Am 24. Juli gelang es den Peschmergas, im irakischen Kurdistan nach einer siebenstündigen Schlacht die IS-Kämpfer aus zwei Bezirken in der Provinz Diyala, die sie seit einem Monat besetzt gehalten hatten, zu vertreiben. Vor der nahegelegenen Provinzhauptstadt Stadt Baquba, die nur 60 Kilometer nördlich von Bagdad liegt, haben am 26. Juli die irakischen Streitkräfte zusammen mit schiitischen Milizionären eine größere Gruppe IS-Kämpfer ausgelöscht. Inzwischen meldet die Regierung in Damaskus, die syrischen Streitkräfte hätten das Ölfeld Schaar wieder zurückerobert. Derlei Meldungen lassen erkennen, daß die Lage im irakisch-syrischen Kriegsgebiet sehr fluide ist. Dennoch steht fest, daß das neue Kalifat, dessen Gebiet auf beiden Seiten der irakisch-syrischen Grenze liegt, als Staat de facto existiert und nicht ohne weiteres wieder von der Landkarte zu tilgen ist.

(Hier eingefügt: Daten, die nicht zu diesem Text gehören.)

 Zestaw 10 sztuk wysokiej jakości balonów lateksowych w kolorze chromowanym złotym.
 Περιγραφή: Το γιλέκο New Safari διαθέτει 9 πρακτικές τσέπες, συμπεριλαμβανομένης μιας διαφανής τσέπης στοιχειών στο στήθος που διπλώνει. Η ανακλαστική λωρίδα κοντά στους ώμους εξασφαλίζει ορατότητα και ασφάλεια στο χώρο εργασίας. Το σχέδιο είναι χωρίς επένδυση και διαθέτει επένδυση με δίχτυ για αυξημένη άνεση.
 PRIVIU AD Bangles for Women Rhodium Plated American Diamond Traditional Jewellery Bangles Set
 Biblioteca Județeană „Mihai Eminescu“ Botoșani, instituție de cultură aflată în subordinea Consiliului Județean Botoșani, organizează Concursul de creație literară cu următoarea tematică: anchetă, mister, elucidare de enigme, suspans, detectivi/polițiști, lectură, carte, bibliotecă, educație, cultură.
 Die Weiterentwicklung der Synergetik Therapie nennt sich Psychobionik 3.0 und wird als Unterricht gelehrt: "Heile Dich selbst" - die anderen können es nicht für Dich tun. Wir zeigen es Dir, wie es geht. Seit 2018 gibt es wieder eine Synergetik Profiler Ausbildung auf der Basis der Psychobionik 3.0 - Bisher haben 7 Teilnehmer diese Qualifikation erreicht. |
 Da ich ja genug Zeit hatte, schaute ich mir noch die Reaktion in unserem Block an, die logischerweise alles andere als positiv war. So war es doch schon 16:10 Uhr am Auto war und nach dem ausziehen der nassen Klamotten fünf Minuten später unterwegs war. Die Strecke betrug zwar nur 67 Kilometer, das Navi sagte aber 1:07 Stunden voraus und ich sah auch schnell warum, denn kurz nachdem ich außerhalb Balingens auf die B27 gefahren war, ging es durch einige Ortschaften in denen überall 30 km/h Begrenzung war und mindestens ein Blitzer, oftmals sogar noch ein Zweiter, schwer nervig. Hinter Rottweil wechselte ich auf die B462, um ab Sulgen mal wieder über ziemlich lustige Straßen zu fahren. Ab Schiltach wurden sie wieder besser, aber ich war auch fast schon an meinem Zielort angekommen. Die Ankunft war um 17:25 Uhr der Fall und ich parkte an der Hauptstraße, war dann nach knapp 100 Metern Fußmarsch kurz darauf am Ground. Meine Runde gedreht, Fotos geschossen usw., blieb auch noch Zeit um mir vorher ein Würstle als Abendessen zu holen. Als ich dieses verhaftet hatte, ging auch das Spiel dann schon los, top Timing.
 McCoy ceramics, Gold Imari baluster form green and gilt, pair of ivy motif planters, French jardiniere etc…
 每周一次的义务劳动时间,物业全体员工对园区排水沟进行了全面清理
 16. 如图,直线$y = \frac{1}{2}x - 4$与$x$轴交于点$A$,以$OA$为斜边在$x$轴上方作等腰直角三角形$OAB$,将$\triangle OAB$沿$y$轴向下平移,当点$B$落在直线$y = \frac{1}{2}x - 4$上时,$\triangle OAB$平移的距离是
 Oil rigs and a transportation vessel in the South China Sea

Auch wenn die Meldungen aus dem Herrschaftsbereich Al Baghdadis wie die Einführung einer fundamentalistischen Auslegung der Scharia und die Zerstörung zahlreicher Kulturdenkmäler wie die Sprengung jener historischen Moschee in Mossul, in welcher der Prophet Jona - der der biblischen Überlieferung nach von einem Wal verschluckt und später ausgespuckt wurde - begraben sein soll, am 24. Juli sehr zu denken geben, laufen derzeit Tausende Angehöriger anderer Rebellengruppen zum IS über. Bis sich der irakisch-syrische Bürgerkrieg ausgetobt hat, wird es noch lange dauern. Es ist nicht einmal ausgeschlossen, daß er in weitere Länder übergreift - am meisten gefährdet sind der Libanon und Jordanien - bzw., daß er, durch eine noch aktivere Beteiligung der schiitischen und sunnitischen Schutzmächte Iran und Saudi-Arabien als bisher, drastisch eskaliert.